For maximum performance, install the ONNX dependencies and use the optimized models:
# Install ONNX support
pip install charboundary[onnx]
# Use ONNX-accelerated model with recommended optimization level
from charboundary import get_large_onnx_segmenter
# Get optimized model (downloads automatically if needed)
segmenter = get_large_onnx_segmenter()
# Process text at maximum speed
sentences = segmenter.segment_to_sentences(your_text)
The ONNX acceleration provides up to 2.1x performance improvement with zero impact on result quality. ONNX models are now XZ-compressed by default (60% smaller files). See examples/onnx_optimization_simple.py
for a complete benchmark example.
from charboundary import get_default_segmenter
# Get the pre-trained medium-sized segmenter (default)
segmenter = get_default_segmenter()
# Segment text into sentences and paragraphs
text = """
Employee also specifically and forever releases the Acme Inc. (Company) and the Company Parties (except where and
to the extent that such a release is expressly prohibited or made void by law) from any claims based on unlawful
employment discrimination or harassment, including, but not limited to, the Federal Age Discrimination in
Employment Act (29 U.S.C. § 621 et. seq.).
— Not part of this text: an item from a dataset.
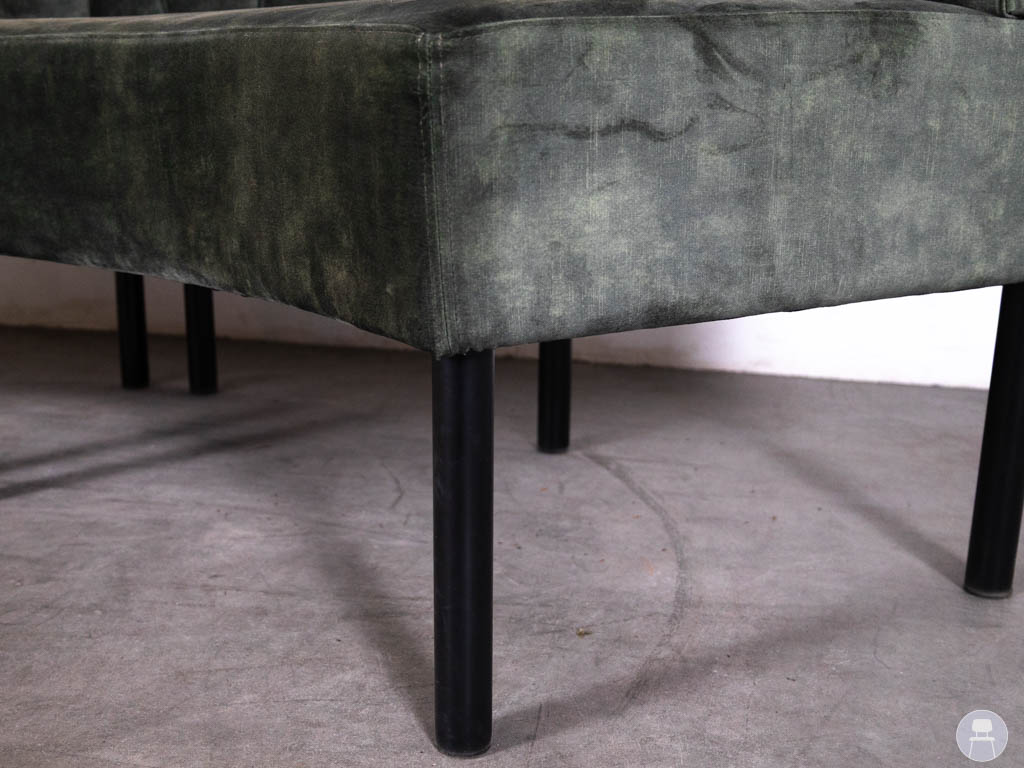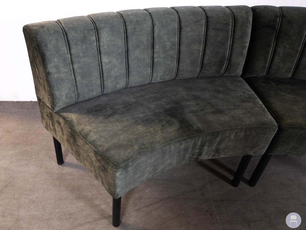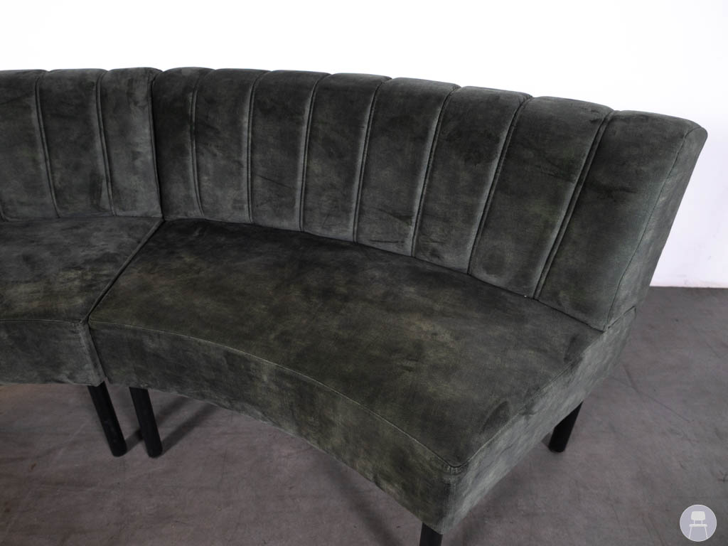 Horecabank Klaasje velvet groen 200cm Satelliet is een luxe en comfortabele horecabank met een moderne uitstraling. Deze horecabank is uitgevoerd in een velvet microvezel stof in een groene kleur, wat zorgt voor een zachte en warme uitstraling. Zowel de voor- als achterkant zijn volledig bekleed, waardoor de bank vrij in de ruimte geplaatst kan worden. De verticale stiknaden in de rugleuning geven de bank een stijlvol en eigentijds karakter. Het metalen onderstel in zwart zorgt voor een stevige basis en een mooi contrast met de bekleding.

This release does not include Employee’s right to indemnification,
and related insurance coverage, under Sec. 7.1.4 or Ex. 1-1 of the Employment Agreement, his right to equity awards,
or continued exercise, pursuant to the terms of any specific equity award (or similar) agreement between
Employee and the Company nor to Employee’s right to benefits under any Company plan or program in which
Employee participated and is due a benefit in accordance with the terms of the plan or program as of the Effective
Date and ending at 11:59 p.m. Eastern Time on Sep. 15, 2013.
"""
# Get list of sentences (with default threshold)
sentences = segmenter.segment_to_sentences(text)
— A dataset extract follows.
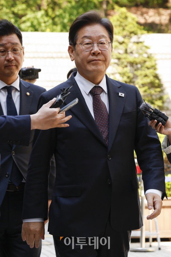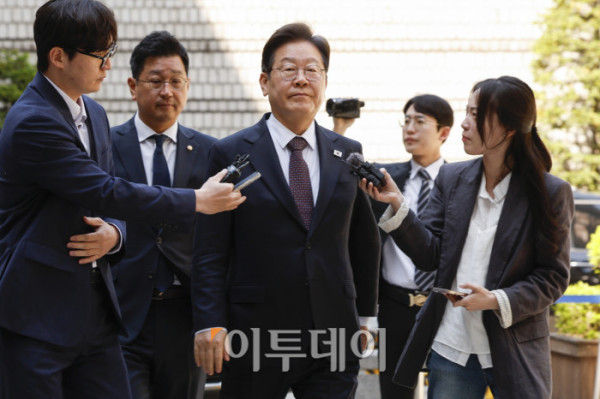 이재명 더불어민주당 대선후보가 29일 서울 서초구 서울중앙지방법원에서 열린 대장동 배임·성남FC 뇌물 1심 속행 공판에 출석하고 있다. 조현호 기자 hyunho@

print("\n-\n".join(sentences))
Output
Employee also specifically and forever releases the Acme Inc. (Company) and the Company Parties (except where and
to the extent that such a release is expressly prohibited or made void by law) from any claims based on unlawful
employment discrimination or harassment, including, but not limited to, the Federal Age Discrimination in
Employment Act (29 U.S.C. § 621 et. seq.).
-
This release does not include Employee’s right to indemnification,
and related insurance coverage, under Sec. 7.1.4 or Ex. 1-1 of the Employment Agreement, his right to equity awards,
or continued exercise, pursuant to the terms of any specific equity award (or similar) agreement between
Employee and the Company nor to Employee’s right to benefits under any Company plan or program in which
Employee participated and is due a benefit in accordance with the terms of the plan or program as of the Effective
Date and ending at 11:59 p.m. Eastern Time on Sep. 15, 2013.
# Control segmentation sensitivity with threshold parameter
# Lower threshold = more aggressive segmentation (higher recall)
high_recall_sentences = segmenter.segment_to_sentences(text, threshold=0.1)
# Higher threshold = conservative segmentation (higher precision)
high_precision_sentences = segmenter.segment_to_sentences(text, threshold=0.9)`
print(len(high_recall_sentences), len(high_precision_sentences))
# Output: 2 1
You can also choose a specific model size based on your needs:
from charboundary import get_small_segmenter, get_large_segmenter
# For faster processing with smaller memory footprint
small_segmenter = get_small_segmenter()
# For highest accuracy (but larger memory footprint)
large_segmenter = get_large_segmenter()
The models are optimized for handling:
- Quotation marks in the middle or at the end of sentences
- Common abbreviations (including legal abbreviations)
- Legal citations (e.g., "Brown v. Board of Education, 347 U.S. 483 (1954)")
- Multi-line quotes
- Enumerated lists (partial support)
CharBoundary can provide exact character spans (start and end positions) for each segment:
from charboundary import get_default_segmenter
segmenter = get_default_segmenter()
text = "This is a sample text. It has multiple sentences. Here's the third one."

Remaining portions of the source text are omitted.